The hint about path normalization is a 'red herring'. The problem is that cyto_load is trying to access a subdirectory included in the path as if it is one of the files that meets the pattern ".fcs" It is the existence of the "./Protocol" subfolder that seems to be triggering the error even though this does not match the pattern specified.

SpillFolder

DillonHammill commented 4 years ago

@rwbaer, the select and exclude arguments were originally written to accept file extensions only. For example, this works:

gs <- cyto_setup("Samples",
                 select = "fcs")

I have updated the handling of the select and exclude arguments to appropriately handle file names as well. Try the latest CytoExploreR and let me know how you go.

devtools::install_github("DillonHammill/CytoExploreR")
rwbaer commented 4 years ago

Hmmm... i was taking it that select and exclude were looking for files that met or excluded a match to a regular expression. Anyway, here is the behavior with your syntax if the folder in question contains a subfolder

> # Load required packages
> library(CytoExploreR)
> # Load required packages
> library(CytoExploreR)
> rm(Compensation)
Warning message:
In rm(Compensation) : object 'Compensation' not found
> d.comp = "C:/Users/rbaer/Documents/R_Projects/LP3/Compensation-Samples/"
> f.all = list.files(path = d.comp)
> f.all
[1] "20200205_FL3_PE_Beads-Spill.fcs"    "20200205_FL4_PerCP_Beads-Spill.fcs" "New folder"                         "ReadMe.txt"                        
> f = list.files(path = d.comp, pattern = ".fcs")
> f
[1] "20200205_FL3_PE_Beads-Spill.fcs"    "20200205_FL4_PerCP_Beads-Spill.fcs"
> Compensation = cyto_load(path = d.comp, select = f)
Error in fcs_to_cytoset(sapply(files, normalizePath), list(which.lines = which.lines,  : 
  can't open the file: C:\Users\rbaer\Documents\R_Projects\LP3\Compensation-Samples\New folder
Please check if the path is normalized to be recognized by c++!
> Compensation
A flowSet with 7 experiments.

  column names:
  FSC-A FSC-H FSC-W SSC-A SSC-H SSC-W Alexa Fluor 488-A PE-A PE-Texas Red-A 7-AAD-A PE-Cy7-A Alexa Fluor 405-A Alexa Fluor 430-A Qdot 605-A Alexa Fluor 647-A Alexa Fluor 700-A APC-Cy7-A Time

Restarting R session...

> # Code below is for Issue # 48 report
> # Make sure you are using the latest code
> devtools::install_github("DillonHammill/CytoExploreR")
Skipping install of 'CytoExploreR' from a github remote, the SHA1 (29549259) has not changed since last install.
  Use `force = TRUE` to force installation
> # Load required packages
> library(CytoExploreR)
Loading required package: flowCore
Loading required package: flowWorkspace
As part of improvements to flowWorkspace, some behavior of
GatingSet objects has changed.
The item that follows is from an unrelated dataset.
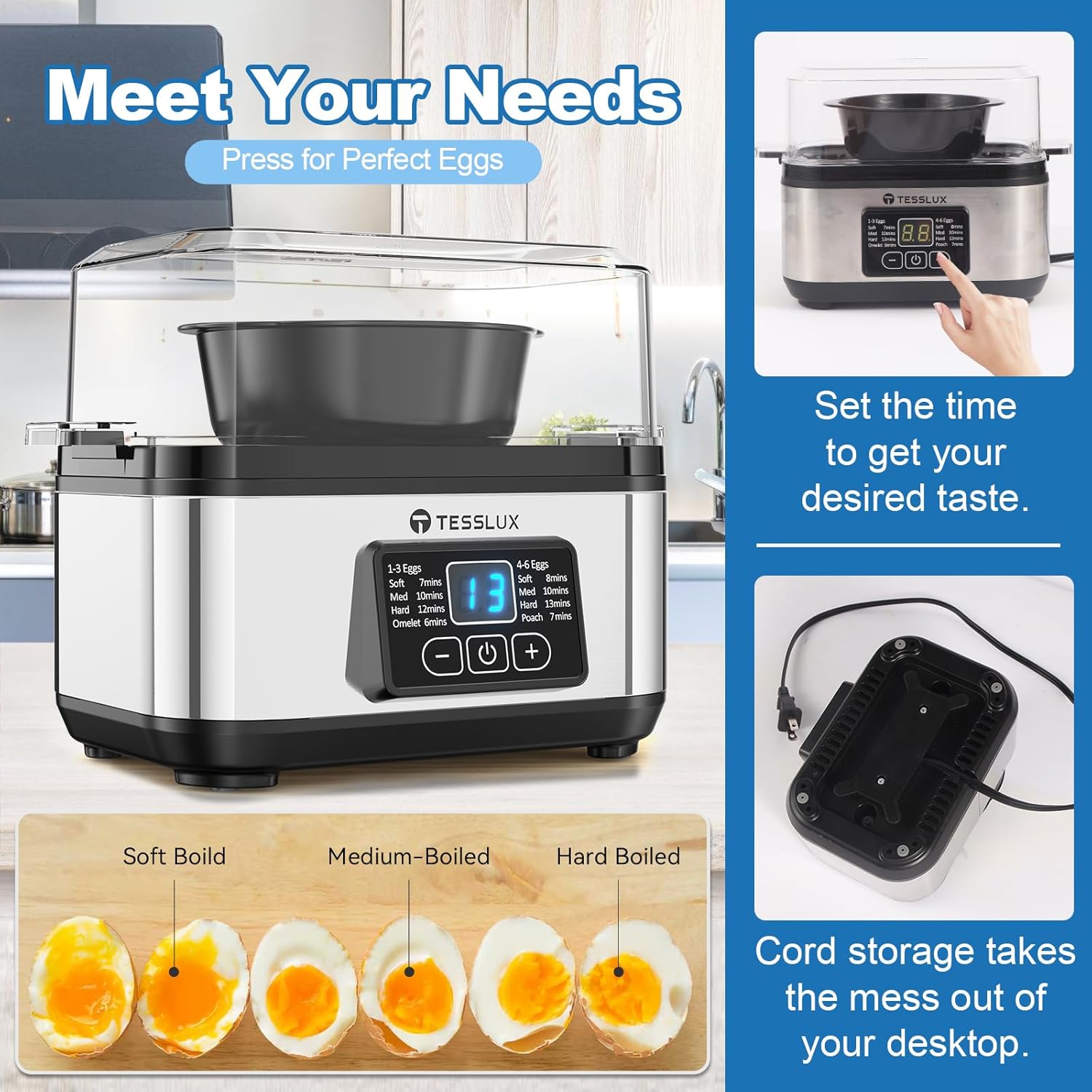 【1-Year Warranty Egg Cooker with Reliable Support】Backed by Tesslux’s comprehensive 12-month warranty and dedicated customer service team. Enjoy worry-free cooking with guaranteed product quality and technical assistance.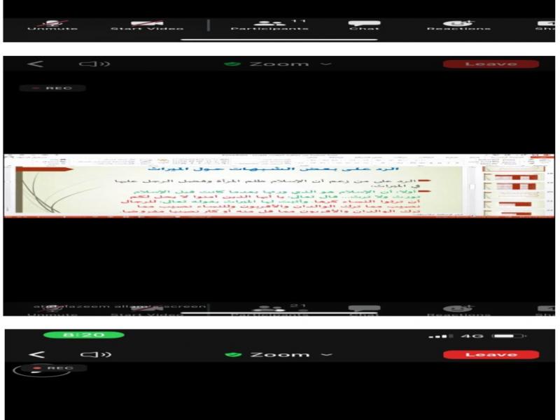 نفذت وحدة الجودة والاعتماد الأكاديمي بكلية الشريعة والقانون دورة بعنوان لمحة مختصرة عن مفاهيم المواريث والوصايا قدمها د.عبد العظيم توفيق علام عضو هيئة التدريس بكلية الشريعة والقانون بقسم الشريعة تناول فيها تعريف الطلاب ببعض المفاهيم المتعلقة بالمواريث والوصايا و التعريف الميراث والحكمة من تشريعه وحكمة التفاضل فيه ورد عن بعض الشبهات المثارة والمنتشرة في باب المواريث ثم عرف بالوصية وحكمة تشريعها وبعض الأحكام الحاكمة لها ، وقد اشتملت الدورة على عرض مرئي ورد على تساؤلات الطلاب حول الموضوع.

For details, please read the section
titled "The cytoframe and cytoset classes" in the package vignette:

  vignette("flowWorkspace-Introduction", "flowWorkspace")
Loading required package: openCyto
> rm(Compensation)
Warning message:
In rm(Compensation) : object 'Compensation' not found
> d.comp = "C:/Users/rbaer/Documents/R_Projects/LP3/Compensation-Samples/"
> f.all = list.files(path = d.comp)
> f.all
[1] "20200205_FL3_PE_Beads-Spill.fcs"    "20200205_FL4_PerCP_Beads-Spill.fcs" "New folder"                         "ReadMe.txt"                        
> f = list.files(path = d.comp, pattern = ".fcs")
> f
[1] "20200205_FL3_PE_Beads-Spill.fcs"    "20200205_FL4_PerCP_Beads-Spill.fcs"
> Compensation = cyto_load(path = d.comp, select = f)
Error in fcs_to_cytoset(sapply(files, normalizePath), list(which.lines = which.lines,  : 
  can't open the file: C:\Users\rbaer\Documents\R_Projects\LP3\Compensation-Samples\New folder
Please check if the path is normalized to be recognized by c++!
> Compensation
Error: object 'Compensation' not found
> comp = cyto_load(path = d.comp, select = "fcs")
Error in fcs_to_cytoset(sapply(files, normalizePath), list(which.lines = which.lines,  : 
  can't open the file: C:\Users\rbaer\Documents\R_Projects\LP3\Compensation-Samples\New folder
Please check if the path is normalized to be recognized by c++!
> comp
Error: object 'comp' not found

If the subfolder is removed, but a Readme.txt file is left behind:

> devtools::install_github("DillonHammill/CytoExploreR")
Skipping install of 'CytoExploreR' from a github remote, the SHA1 (29549259) has not changed since last install.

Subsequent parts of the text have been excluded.